You get something like this
xShift = (dw - w) / 2.0;
yShift = (dh - h) / 2.0;
ippiAddRotateShift(w / 2.0, h / 2.0, angle, &xShift, &yShift);
If you use these shifts in the call to ippiRotate the image should be centered in the destination image.
I hope this helps.
EDIT:
Here is the code I used to test (the change from w to dw and h to dh and the rotation angle are just random):
//Ipp8u* dst_p; Initialized somewhere else in the code
//Ipp8u* src_p; Initialized somewhere else in the code
int w = 1032;
int h = 778;
int dw = w - 40; // -40 is just a random change
int dh = h + 200; // 200 is just a random change
int src_step = w * 3;
int dst_step = dw * 3;
IppiSize src_size = { w, h };
IppiRect src_roi = { 0, 0, w, h };
IppiRect dst_rect = { 0, 0, dw, dh };
double xShift = ((double)dw - (double)w) / 2.0;
double yShift = ((double)dh - (double)h) / 2.0;
ippiAddRotateShift((double)w / 2, (double)h / 2, 37.0, &xShift, &yShift);
ippiRotate_8u_C3R(src_p, src_size, src_step, src_roi,
dst_p, dst_step, dst_rect, 37.0, xShift, yShift, IPPI_INTER_NN);
I've never used (or heard of) IPL before, so I'm just merely guessing what the API does.
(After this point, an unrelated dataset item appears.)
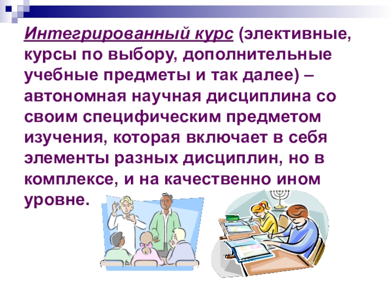 Слайд 32Интегрированный курс (элективные, курсы по выбору, дополнительные учебные предметы и так

But if iplRotate rotates about (0, 0) and if iplGetRotateShift does similarly, why not try rotating the other 3 corners of your original "box" (ignoring (0, 0) since that stays put): (w, 0), (0, h), and (w, h).
Your result will be a new box with some negative values. You want to "shift back" so whatever negative values you have will become zero, if you get what I mean.
Based on my reading of the documentation I think you're using iplGetRotateShift wrong. In particular, I think you need to specify the center of rotation in the source image, not the destination image, thus:
iplGetRotateShift( w / 2.0, h / 2.0, angle, &xShift, &yShift );
If it's still not working for you then can we confirm that the assumptions are valid? In particular point 3. where you calculate dw and dh.
Mathematically
dw = w * |cos(theta)| + h * |sin(theta)|
dh = h * |cos(theta)| + w * |sin(theta)|
so if theta = pi/6 say, then if w = 100 and h = 150 then presumably dw = 162?
Does the incorrect position you're getting vary with theta? Presumably it works with theta=0? What about theta=pi/2 and theta=pi/4?